State pension woes raise specter of county bankruptcies
by Joe Kent, Grassroot Institute, Dec 20, 2017
Reeling from a case of sticker shock, Maui County Council members considered bankruptcy last week after learning how the state’s public pension liability crisis will affect the county’s budget.
From a presentation by state public pension representatives, the Council members learned that Maui County’s tax payments to the Employee Retirement System (ERS) and the state Employer Union Trust Fund (EUTF) in fiscal 2017 totaled $56 million. However, that total will increase to $66 million in fiscal 2018, $76 million in 2019, $84 million in 2020, and $94 million in 2021.
Next year’s required contributions alone are larger than the property tax revenues for six of Maui county’s nine districts combined: Wailuku, Upcountry, Molokai, Makawao, Lanai and Hana.
“Just these two costs in the upcoming years require all of the taxes from six of our nine districts,” said Maui Councilmember Mike White. “I’m just kind of stunned by that.”
Maui Councilmember Riki Hokama hinted that new tax increases might be needed to “come up with major chunks of new cash.”
Hokama also asked Thom Williams, executive director of the ERS, if the debt would still be owed if the county went bankrupt.
“Because we’ve had sister counties that went bankrupt, on the U.S. main(land),” Hokama said, “do their obligations disappear upon bankruptcy, or is that entity still held responsible for obligations due to employees who are retirees?”
Williams answered: “I think it varies state to state, quite frankly, because I don’t believe that — you know — you can’t get blood out of a turnip.

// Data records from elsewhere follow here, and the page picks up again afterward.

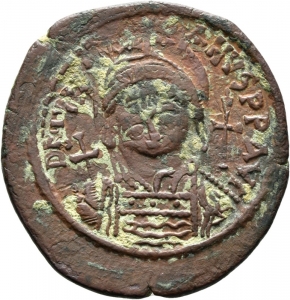 Vorderseite: D N IV[STINI]-ANVS P P AVC. Büste des Justinianus I. mit Helm frontal, r. Globus mit Kreuz; im Feld r. Kreuz.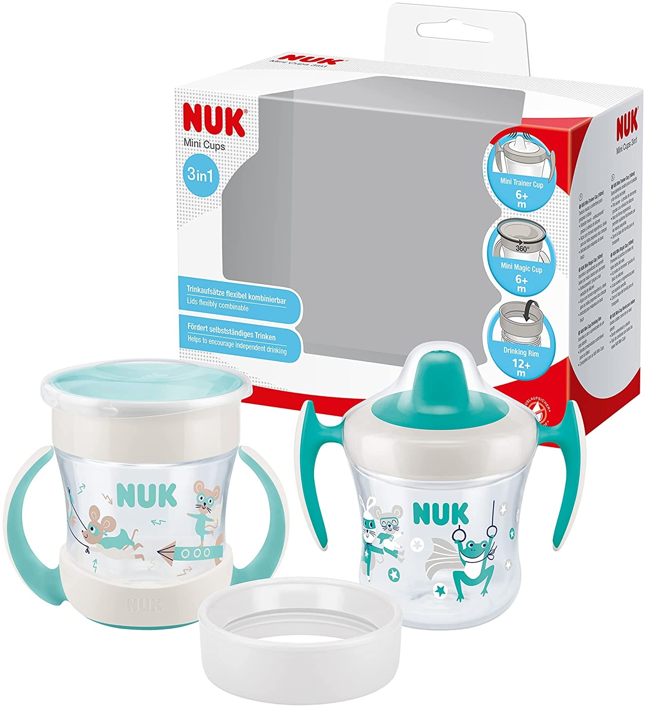 | Name | NUK Mini Cups 3-in-1-Trinklernbecherset Mini Magic Cup und Trainer Cup Auslaufsicherer 360°-Trinkrand ab 6 Monaten Praktische Griffe BPA-frei 160 ml 2 Stück |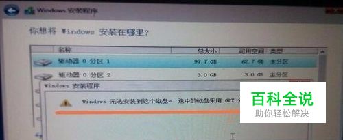 安装系统报错:windows无法安装到这个磁盘 选中的磁盘采用gpt分区形式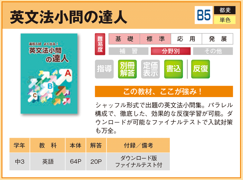 英文法小問の達人 【教材詳細】 |

I mean, maybe the liabilities are still there, but if you have no monies to meet those liabilities, it almost doesn’t matter whether you retain them (the liabilities).”
In Hawaii, the state constitution protects public union benefits from being cut for current hires. Article 16, Section 2, states:
“Membership in any employees’ retirement system of the State or any political subdivision thereof shall be a contractual relationship, the accrued benefits of which shall not be diminished or impaired.”
This presumably means that if the counties went bankrupt, the first item to be paid off would be public pension and health benefits, at the expense of all other county operations.
Hawaii is one of only seven states to protect public benefits in the state constitution. The other states are Alaska, Arizona, Illinois, Louisiana, Michigan and New York.
At least one of those has snipped away at its public benefits, despite a constitutional protection. In 2013, Michigan courts ruled that public pensions could be cut following the Detroit bankruptcy. This paved the way for cuts of $1.33 billion in public benefits, which included a 4.5 percent pension cut, a reduction in health insurance and a halt to cost-of-living increases.
As Williams pointed out: “The city of Detroit, which endured bankruptcy, they ended up actually reducing the benefits that were owed to their city employees.”
California does not protect public employee benefits through the state constitution, but rather through a series of court cases resulting in the “California rule,” which seemingly prohibits pension changes. Nevertheless, in a 2014 bankruptcy case involving the California city of Stockton, federal judge Christopher Klein suggested that pension benefits could be cut, despite the “California rule”, saying, “Bankruptcy is nothing but the impairment of contracts.”
The city did not ultimately cut pensions, but it could have.
More recently, a case involving San Diego public pension cuts is before the California state supreme court, but likely won’t play out until next year or 2019.
Williams said Hawaii’s Constitution could be open to interpretation when it comes to reducing benefits for current hires.
“There are questions as to whether you can reduce benefits for future people or new hires,” he said, “and there’s even a question as to whether you can change benefits for current people, current hires — but prospectively; not on service already rendered, but service going forward.”
Considering that county bankruptcies are, in fact, possible, it would be in the best interest of Hawaii’s public employee unions to help fix the state’s unfunded liabilities problem, before the counties conclude they have no option but to renege on their promises to retirees.
The public employee unions and our legislators should work together to craft reasonable pension reforms that are in line with what Hawaii taxpayers can afford.